Sport Specialization Comes With Costs
The trend in youth sports is to push kids to specialize in one sport as early as 10 years old. (See ““Can Sport Specialization Cause Youth Injuries?“). The result is a huge increase in injuries like anterior cruciate ligament (ACL) tears and kids burning out on sports before they pick up their high school diploma.
“Kids are now doing the same sports as their heroes,” says Theodore Ganley from The Children’s Hospital of Philadelphia in a Time magazine report. “They’re doing things year-round, in multiple teams, in multiple leagues. Now they are getting the same injuries as their heroes.”
Parents, coaches, club sports administrators, and even some kids themselves, see year-round specialization as young athletes’ ticket to a college scholarship or professional sports career.

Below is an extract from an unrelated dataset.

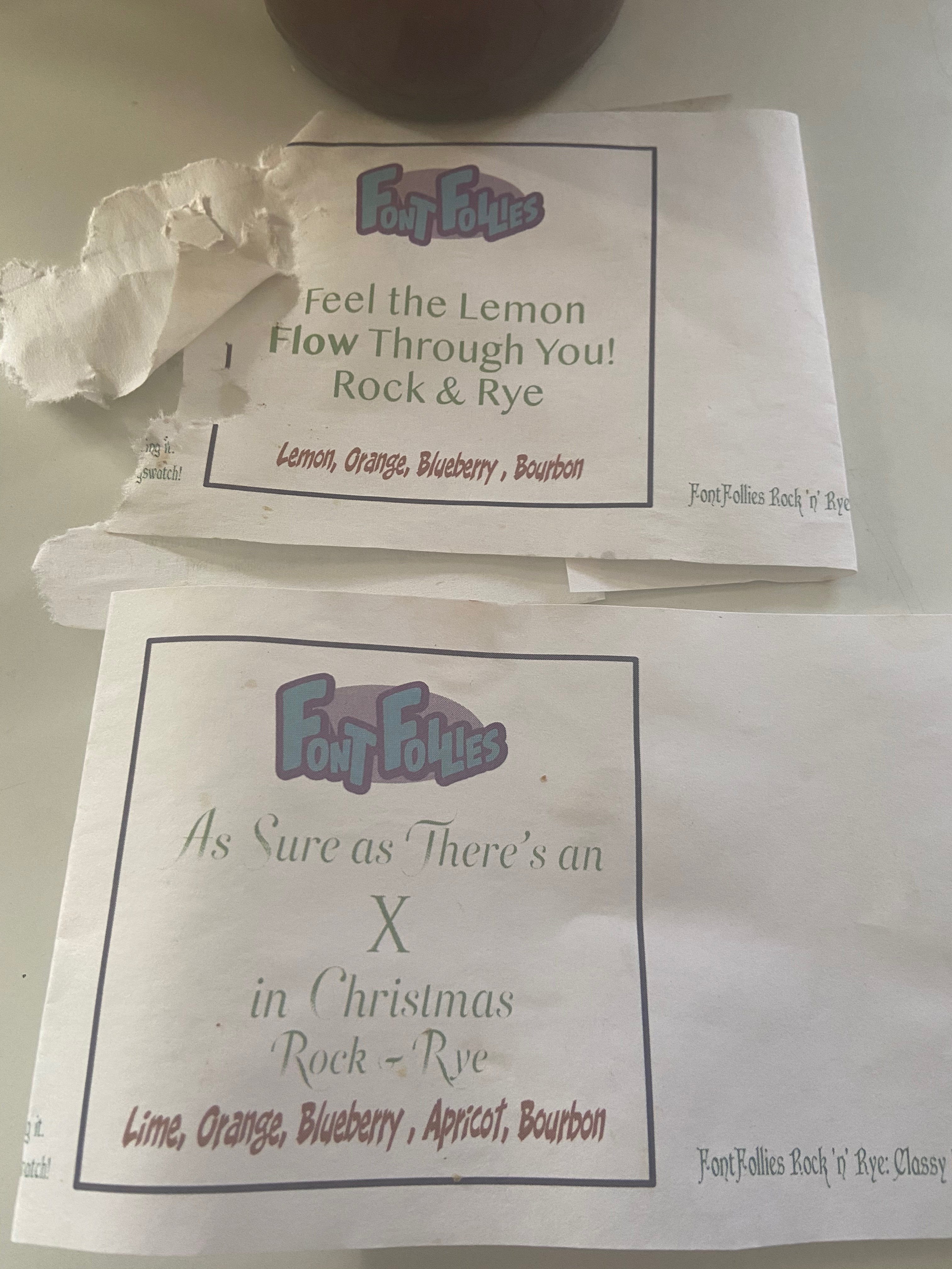 Last year I ended up making three batches, plus I had a lot of the 2017 favorite, “Farewell to Ballard” leftover. The three batches I made last year wound up being labeled “You’ll Get a KICK Out of Me,” “Feel the Lemon Flow Through You,” and “As Sure as There’s an X in Christmas!” Two of those are song lyrics, and one is a riff on a line from Star Wars.

But many college and pro coaches, along with some of our country’s top athletes, believe this is a misguided approach.
“I am so grateful that I had the chance to, and was encouraged to, play more than just soccer,” says USA soccer star Abby Wambach. “It allowed my whole body to develop, not just those muscles I use in soccer. It helps you really get to know your body and what you can do as an athlete and I think it did help me reduce my injuries.”

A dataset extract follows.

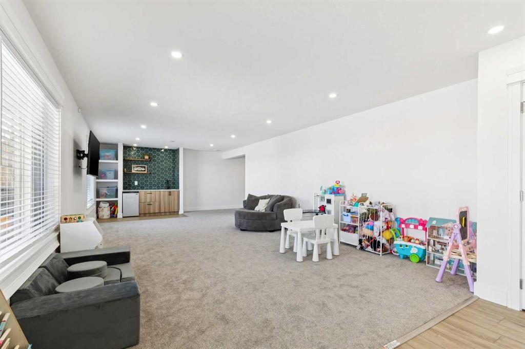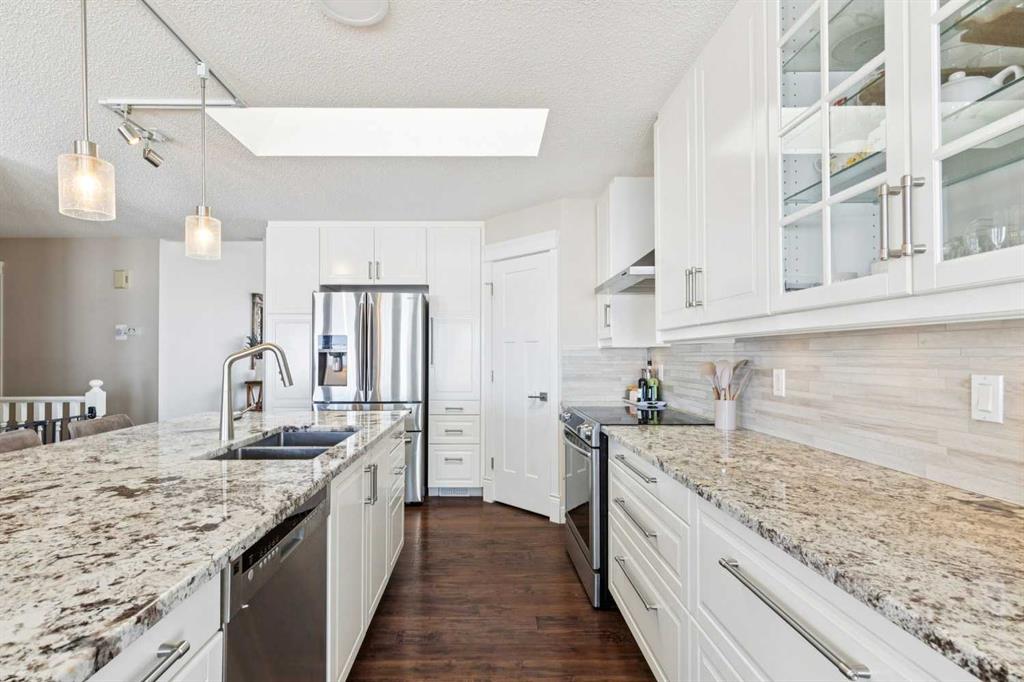 BEAUTIFUL MOUNTAIN VIEWS from this large, UPDATED WALKOUT BUNGALOW on a HUGE OVERSIZED PIE LOT in the desirable community of Scenic Acres! Step inside to a spacious FORMAL LIVING AND DINING ROOM, perfect for entertaining, highlighted by VAULTED CEILINGS and an abundance of natural light. The thoughtfully designed main floor features two living areas, including a rear family room that flows seamlessly into the fully renovated kitchen, where you can enjoy stunning mountain views right from your kitchen and living room windows. The kitchen showcases granite countertops, smooth white cabinetry, stainless steel appliances, a skylight, and large windows that fill the space with natural light. Step out onto the large balcony and take in the PANORAMIC MOUNTAIN VIEWS, perfect for relaxing or entertaining. The primary bedroom offers breathtaking MOUNTAIN VIEWS and features a beautifully updated ensuite bath. The main level also includes a spacious second bedroom, a beautifully renovated full bathroom, a private office with skylight, plus a convenient laundry and mud room area. The NEWLY RENOVATED WALKOUT BASEMENT offers exceptional additional living space, including a large recreation room, bar with refrigerator and sink, two generously sized bedrooms, a fitness area, and a stylish full bathroom—perfect for guests. Even with all this finished space, there is still ample storage. With almost 3,400 SQUARE FEET OF DEVELOPED, USABLE SPACE, this home offers incredible flexibility for families of all sizes. Additional updates include a recent roof, two newer furnaces, a new hot water tank, central A/C, vacuum system, fresh paint, updated baseboards and doors, and BIRCH HARDWOOD flooring on the main level. The double attached garage offers ample storage and includes a conveniently installed EV outlet. Nestled on a friendly cul-de-sac, this home offers access to walking paths and is conveniently close to schools, transportation, shopping, and amenities. Added convenience includes timed underground sprinklers, plus a private backyard complete with a shed and gazebo. Outside, you’ll truly appreciate the privacy of having no neighbors behind, along with a massive fenced backyard, perfect for enjoying daily sunsets over the mountains. Book your private showing today!

The percentage of youth athletes that go on to play in college on a full athletic scholarship is below one percent. The chances of making the pros is minuscule. But overzealous adults, driven by ego and greed, are negatively changing the youth sports culture. As a result, way too many young athletes, who start out playing sports for fun, end up being damaged by their youth sports experience — physically and sometimes emotionally — because of increasing pressures to specialize in a single sport.

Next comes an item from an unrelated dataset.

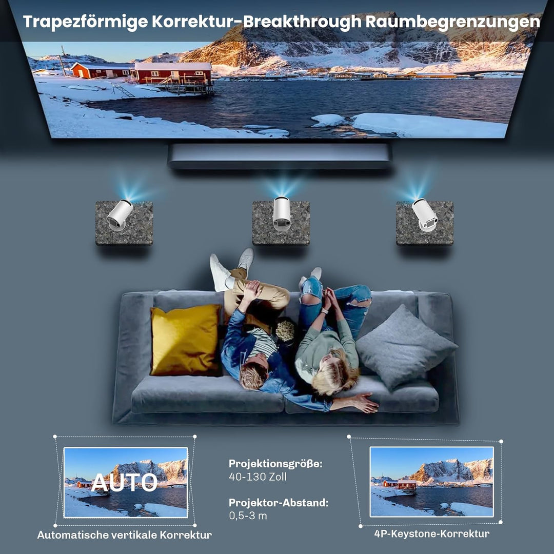 - 【Utomatischen Trapezkorrektur】: Mit dem manuelle Fokus des und der automatischen Trapezkorrektur kann der Projektor in 3 Sekunden superschnell und sorgenfrei eingerichtet werden, bevor Sie sich auf Ihre Lieblingsfilme einstimmen. Der gesamte

It’s the professionalization of youth sports and it needs to stop.
Let the kids play. And let them play more than one sport.
— Ken Reed, Sports Policy Director, League of Fans
Sports Forum Podcast
Episode #30 – League of Fans’ Sports Forum podcast: The State of College Athletics with Dr. David Ridpath: Problems and Potential Solutions – Ridpath is a sports administration professor at Ohio University and a long-time member of The Drake Group, a college sports reform think tank.
Listen on Listen on Apple Podcasts, Spotify, Google Podcasts, Anchor and others.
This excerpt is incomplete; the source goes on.